Algorithm 1 first declares a two-dimensional array for recording the length of the longest common subsequence. Algorithm 1 uses a double loop “$For$” to calculate the length of the longest common subsequence according to the dynamic programming method. The same relationship of two nodes is judged by CSR.

If CSR between the node $nodeArray1\left[i\right]$ and the node $nodeArray2\left[j\right]$ is established, then the value of $lengthArray\left[i\right]\left[j\right]$ is $lengthArray\left[i-1\right]\left[j-1\right]+1$, else the value of $lengthArray\left[i\right]\left[j\right]$ is the maximum value between $lengthArray\left[i\right]$ and $lengthArray\left[i-1\right]\left[j\right])$. Finally, Algorithm 1 returns the last element of the array $lengthArray[][]$. The last element is $lengthArray\left[nodeArray1.length\right]\left[nodeArray2.length\right]$. When Algorithm 1 is finished, the last element of $lengthArray[][]$ is the length of the longest common subsequence.

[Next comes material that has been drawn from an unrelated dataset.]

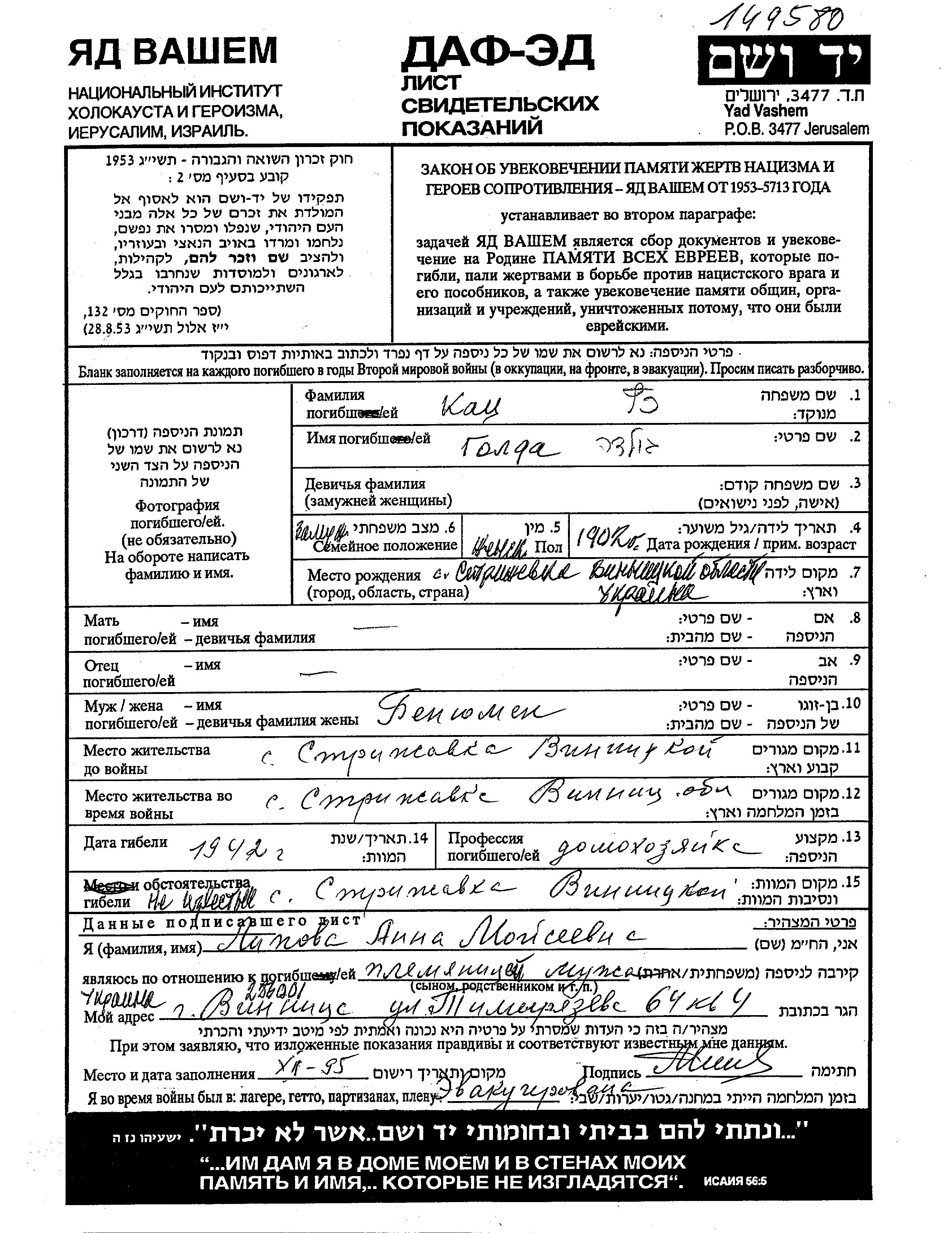 Golda Katz wurde im Jahr 1902 in Strizhevka, Ukraine (UdSSR) geboren. Sie war Hausfrau und mit Benyumen Verheiratet. Vor dem Zweiten Weltkrieg lebte sie in Strizhevka, Ukraine (UdSSR). Während des Krieges war sie in Strizhevka, Ukraine (UdSSR).

The calculation method of similarity is shown in Formula (1). In Formula (1), the molecule represents the length of the longest common subsequence calculated by Algorithm 1; the denominator represents the average of $nodeArray1.length$ and $nodeArray2.length$. Because we adopt the average of $nodeArray1.length$ and $nodeArray2.length$ as the denominator, Formula (1) can prevent the phenomenon of high similarity caused by the short length of one of the two arrays.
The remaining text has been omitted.